# [YOUR TASK]
Output the entries below word for word, stopping once the line containing "Угол наклона оси" is done, and omit each picture.
━━━━━ EXERCISE MATERIAL
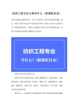 纺织工程主要研究纺织品的设计、加工工艺、质量检测、贸易等方面的基本知识和技能,包括纺织贸易和纺织服装两个方向,进行纺织品设计开发、纺织工艺设计、纺织生产质量控制等。常见的纺织品有刺绣、丝绸、服饰和地毯四大类,常用的纺织工艺包括清花、梳绵、并条、粗纱、细纱等。
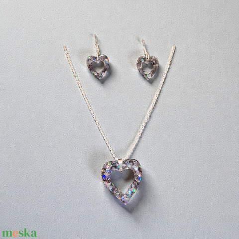 Szépséges fekete csillogó szivecskés ékszerszett.
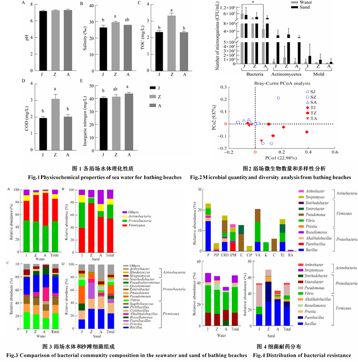 抗生素的大量使用使细菌耐药风险上升为全球卫生安全问题,日益受到人们的重视。在滨海旅游业繁荣发展的态势下,公共卫生健康成为游客首要关注点。考虑到抗生素耐药菌和抗生素耐药基因的扩散对人体造成的潜在危害,基于微生物耐药性对游客健康的威胁,开展湛江滨海浴场细菌耐药性进行研究具有重要意义。该研究对湛江海滨浴场水体理化性质、微生物数量和药敏试验等进行了分析,探究湛江三处滨海浴场环境中细菌多样性和耐药性,为湛江滨海浴场及周边的公共卫生提供参考。
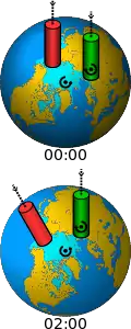 Угол наклона оси прямого восхождения по отношению к поверхности Земли равен географической широте места, в котором установлен телескоп. На географическом полюсе она должна быть направлена перпендикулярно земной поверхности, а на экваторе — параллельно.
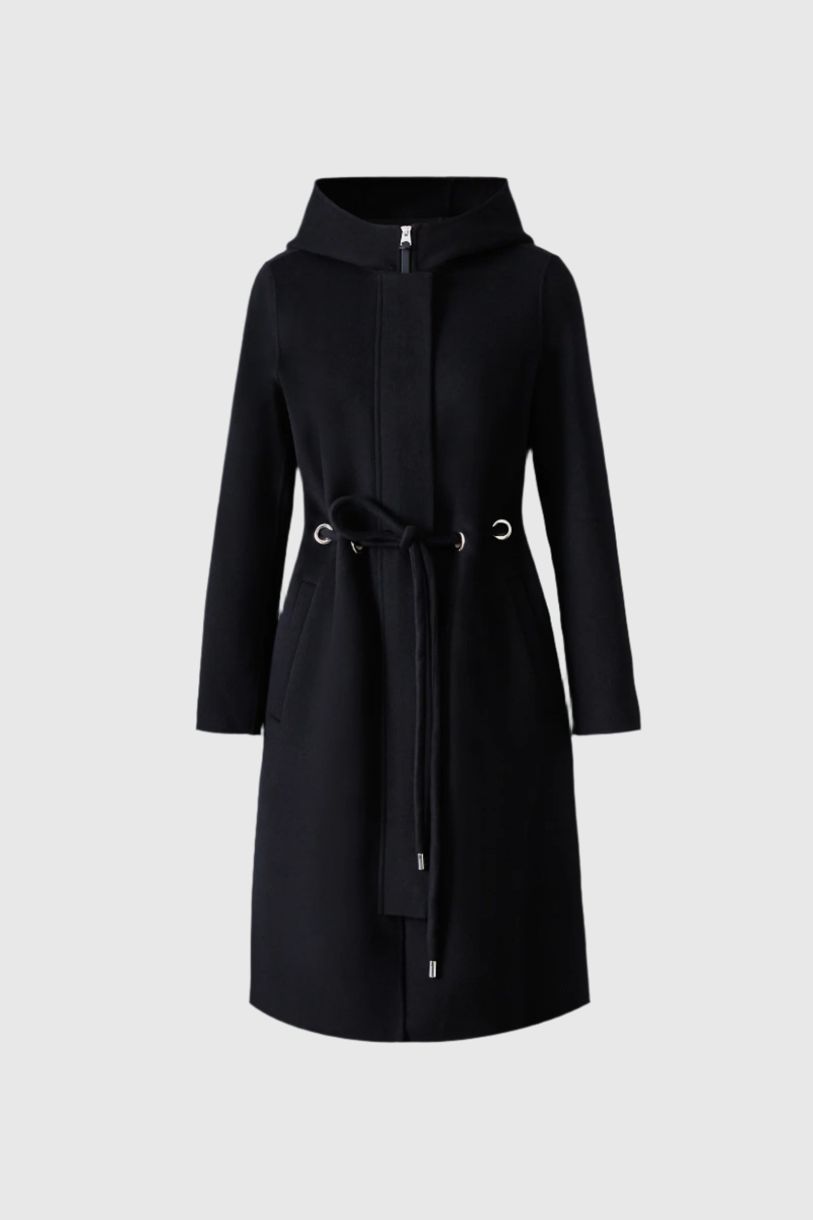 BLITHE is an elegantly handcrafted coat made from luxurious double-face wool. This straight-fit silhouette features a center front zipper closure hidden by a placket with snaps for a seamless look. The non-removable hood, welt pockets, and handmade details underscore its premium craftsmanship. A wool rope belt cinches the waist, enhanced by metal eyelets for durability and style. Enduring style with updated functionality. DETAILS - Handmade wool coat - Temperature rating: -5°C - Unlined for a sleek drape - Center front zipper closure with hidden snaps - Non-removable hood for added warmth - Welt pockets - Wool rope belt with metal eyelets on the waistline - Straight fit SIZE & FIT - STRAIGHT – Classic fit allowing comfort and style. - The model is 5'11" (180 cm) and wears a size S. - Coat length from shoulder to hem: 41.25'' / 105 cm. COMPOSITION & CARE - Shell: 100% wool. - Dry clean by a leather specialist using only oil-based solvent. Do not use perchloroethylene.
━━━━━━━━━━
# [RESPONSE TO THE TASK]
 纺织工程主要研究纺织品的设计、加工工艺、质量检测、贸易等方面的基本知识和技能,包括纺织贸易和纺织服装两个方向,进行纺织品设计开发、纺织工艺设计、纺织生产质量控制等。常见的纺织品有刺绣、丝绸、服饰和地毯四大类,常用的纺织工艺包括清花、梳绵、并条、粗纱、细纱等。
 Szépséges fekete csillogó szivecskés ékszerszett.
 抗生素的大量使用使细菌耐药风险上升为全球卫生安全问题,日益受到人们的重视。在滨海旅游业繁荣发展的态势下,公共卫生健康成为游客首要关注点。考虑到抗生素耐药菌和抗生素耐药基因的扩散对人体造成的潜在危害,基于微生物耐药性对游客健康的威胁,开展湛江滨海浴场细菌耐药性进行研究具有重要意义。该研究对湛江海滨浴场水体理化性质、微生物数量和药敏试验等进行了分析,探究湛江三处滨海浴场环境中细菌多样性和耐药性,为湛江滨海浴场及周边的公共卫生提供参考。
 Угол наклона оси прямого восхождения по отношению к поверхности Земли равен географической широте места, в котором установлен телескоп. На географическом полюсе она должна быть направлена перпендикулярно земной поверхности, а на экваторе — параллельно.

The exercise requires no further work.